Ovum’s reports are based on ongoing research into growth predictions based on macroeconomic factors and business trends. According to the study, many utilities companies will turn to third-party IT services providers to take over infrastructure, application maintenance and development and back-office activities.

Utilities industries have depended on IT for a long time to make the business run, but the preference has been to keep it in house due to specialized industry regulations. However, new technologies are allowing companies to outsource and not compromise on security and regulations, according to Ovum.

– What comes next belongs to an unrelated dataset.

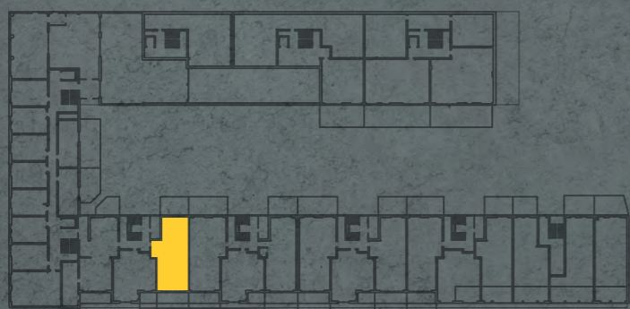
umístění bytu na 1. pp

“What’s happening to utilities is not unique – companies across verticals are facing similar pressures,” says John Madden, senior analyst, Ovum Services. “All industries are looking where they can save in IT in order to invest into their core business.”

Madden points out that a lot of companies are looking to take advantage of cloud, mobility and enhanced security. These companies previously may not have considered outsourcing and are now taking a second look In some cases to take advantage of new technologies and in others to achieve better operational efficiency and cost efficiency.

Looking at the pressures in the industry, Ovum says the reasons for utilities to look at outsourcing include mergers, regulations, support and demand for smart technology.

M&A activity has created a disruptive environment in the space. Ovum says to achieve costs savings and scale, companies are more often looking at using third-party outsourcers. Cutting IT expense through outsourcing can generate more money to spend on regulation, the environment and infrastructure.

Additionally, the push is on for smart meters and smart grids, which allow power to be flowed at exactly the right levels. Utilities have expertise in house for deploying, but sometimes they need help from outsourced firms, according to Ovum.

Ovum recommends that services providers continue to make investments in skills, portfolios to meet demand for IT services in utilities.

“When you look across the vendors active in the space – most if not all have done work highlighting the portfolio in the areas of customer care, corporate operations, energy generation and delivery,” says Madden.